I'm looking for help in modelling and querying my problem domain. My data input is a sequence of real-time measurements which represent trains traveling within Europe. Each measurement is a point on the map, with a type: departure, passage, arrival. It has additional properties like the train id, event time, country code, ... It's 1 year of data, which is about 5M measurements. A sequence of these events for a train specifically is: a departure, followed by a number of passages, and an arrival in a repeating pattern. This represents a train doing some in-between stops like for example for red lights, driver changes, ...

What I would like to query on these is custom groupings of these measurements, and then get the distance traveled for each group. Potential type of groupings:

  • group measurements delimited by "departure" and "arrival" events.
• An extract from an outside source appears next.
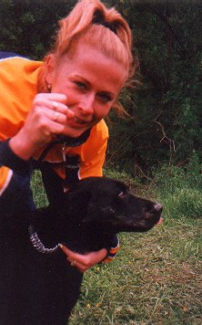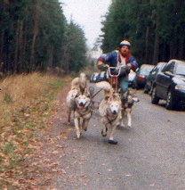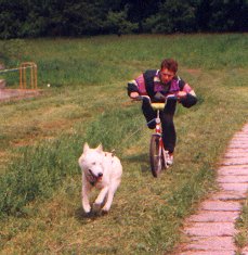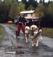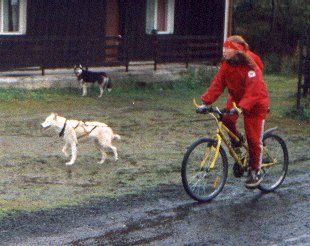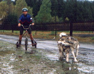 Martina s Britou absolvovaly s úspěchem třičtvrtě trati, ale pak se Brita rozhodla, že před koloběžku ji nikdo zapřahat nebude a snažila se kolečka aportovat. Ještě má tlamu špinavou od bláta.

This would give me the distances traveled between each stop for a specific train
  • country based grouping: this would give the distance traveled by the train in each country
  • time based grouping: distance traveled between two specific points in time

My questions:

  • is this problem domain a good fit for a graph DB?
  • how would this preferably be modeled. I'm a bit deciding between two ways of approaching this: 1. either model the measurements as chain of nodes, with relationships between them. Or 2. model a separate "train" node which has the train id, and then relation to each measurement for that train
  • how would you query this using cypher? I've been reading a lot of documentation about graph grouping, node collapsing and spatial functions. But I'm new to this, so I'm a bit lost on what the correct approach would be.

I would suggest you whiteboard your data model and then take basic data modelling exercise videos by Emil Efram. Later on you can take ETL ,CQL lessons
that will be available on neo4j website indicated below.